A teenager with lung mucinous adenocarcinoma harboring a KRAS mutation arising in type 1 congenital cystic adenomatoid malformation (CCAM)

A 14-year-old boy was referred to our hospital with a 1-year evolving productive cough and hemoptysis.A Positron-emission-tomography scan (PET/CT) revealed a 17cm hypermetabolic right lower-lobe lung mass in contact with mediastinal structures as well as multiple bilateral pulmonary nodules. Percutaneous lung biopsy identified an invasive mucinous adenocarcinoma (IMA; formerly mucinous BAC) associated with Type I Congenital Cystic Adenomatoid Malformation (CCAM).Genomic profiling was performed and detected a KRAS mutation (G12D).

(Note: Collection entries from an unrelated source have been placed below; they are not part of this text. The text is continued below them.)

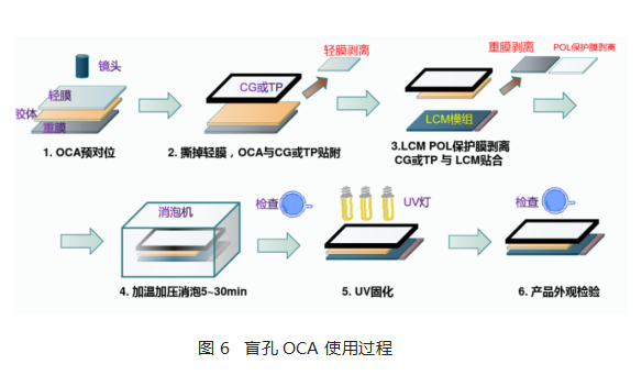 這種樹脂具備常溫下普通全貼合OCA的性能,能很好的完成分切,模切等加工,不會(huì)影響尺寸穩(wěn)定性,一旦完成貼合后在加熱加壓的條件下具備很好的流動(dòng)性,可以很好的填充偏光片的圓孔,照射UV后具備很好的信賴性,盲孔OCA使用過程如下圖6所示: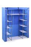 Klasik tasarımıyla her yatak odasına uyum sağlayan mavi çift yandan raflı bez gardırop, zamansız bir şıklık sunar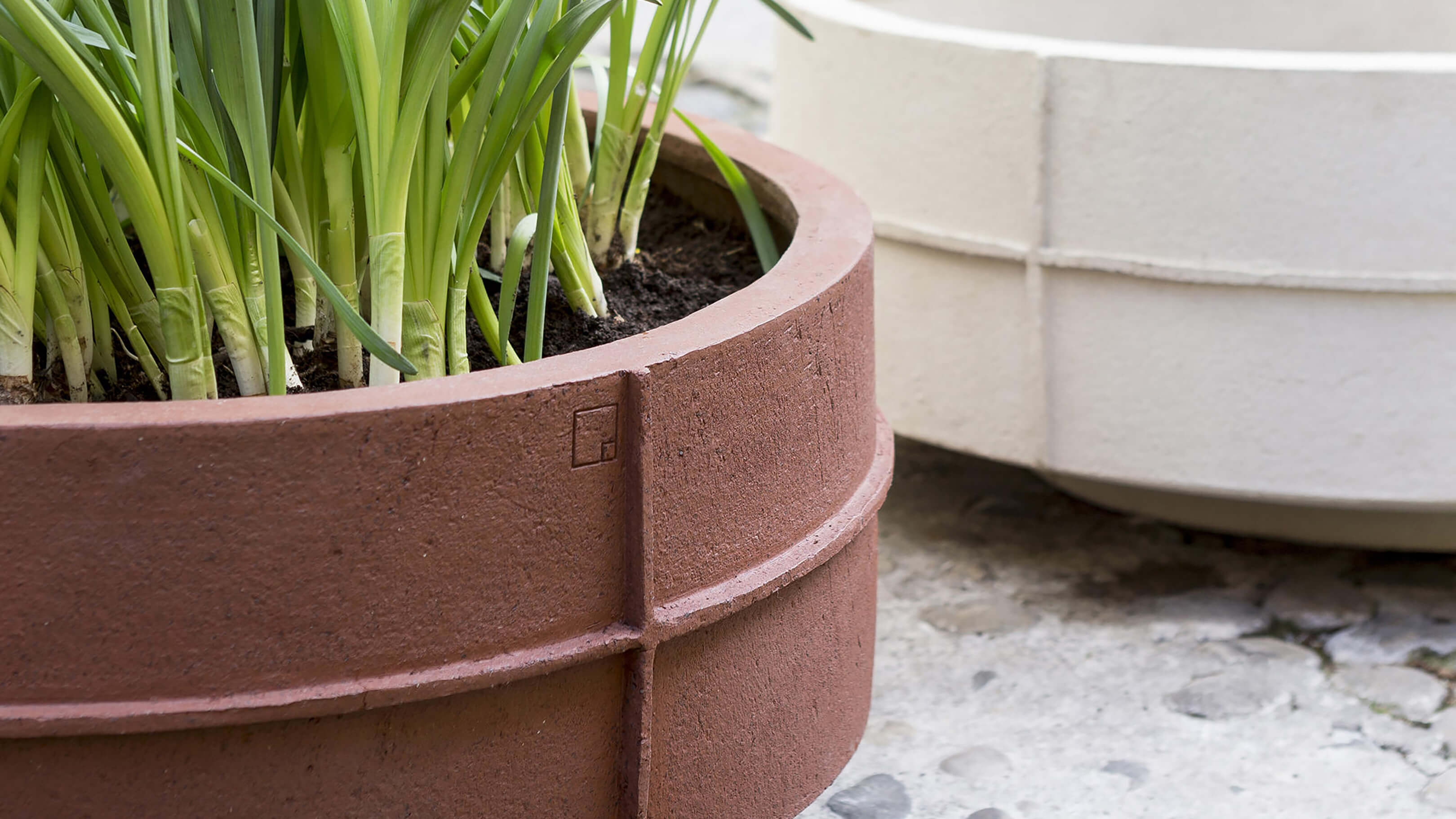 Designed with the rigorous geometrical precision of raised lines that follow the outside of its pleasingly curved form, the SJ from Vierkant highlights the robustness and versatility of clay, with large planters in two heights that can add a diversity of foliage to your outdoor space. Visually balanced with a high tactile surface, these planters add an air of sophistication to outdoor living, contemporary yet minimal, simple yet refined.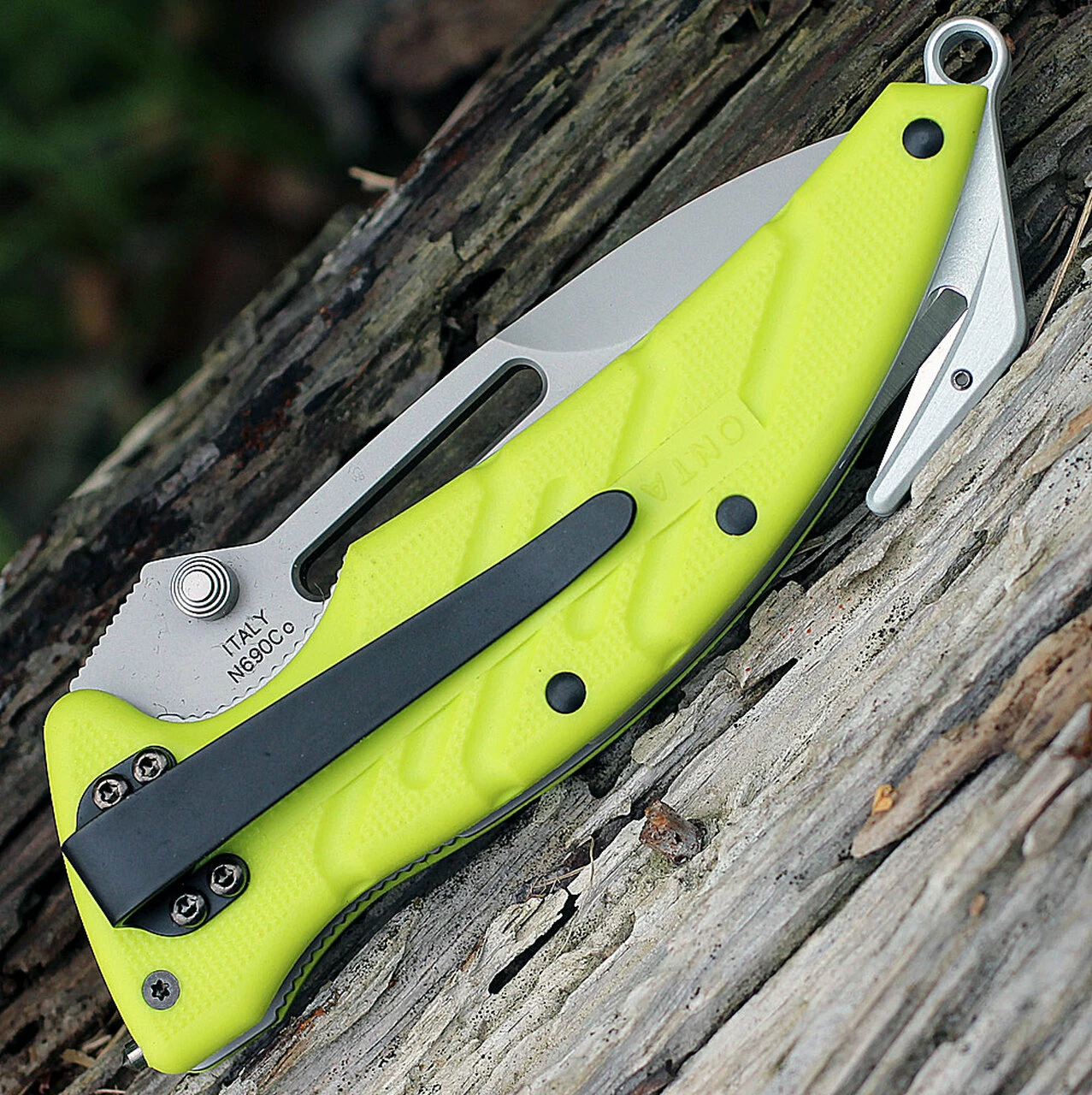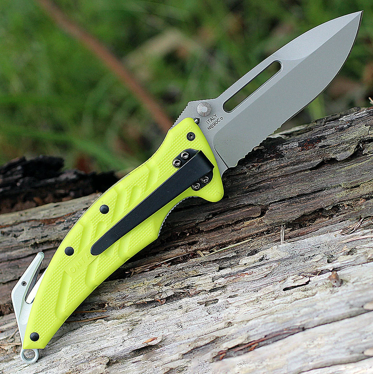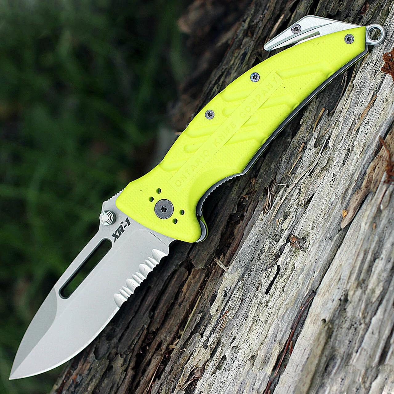 Ontario 8763 XR-1 Extreme Rescue, 3.375″ N690Co Serrated Blade, Safety Green Zytel Handle

NSCLC can be rarely seen in young patients. In the pediatric population, the incidence is approximately 0.0002% and it is usually associated with a congenital malformation.

CCAM is a group of rare lung congenital malformations. The estimated incidence is 1 in 25.000 to 1 in 35.000 pregnancies and it represents 25% of all congenital lung malformations. Type I is the most common subtype of CCAM. It is characterized by the presence of large cysts lined by pseudostratified ciliated cells that are often interspersed with rows of mucous cells.It has been largely recognized that some cases of type I CCAM show malignant transformation to mucinous adenocarcinoma.

Recent data clearly demonstrated that the occurrence of mucinous adenocarcinoma in type I CCAM is associated with KRAS mutation.

This case highlights the relationship between type I CCAM and lung mucinous adenocarcinoma/KRAS mutant. Moreover, demonstrated that the clinical outcome was consistent with the molecular feature of a KRAS mutant patient.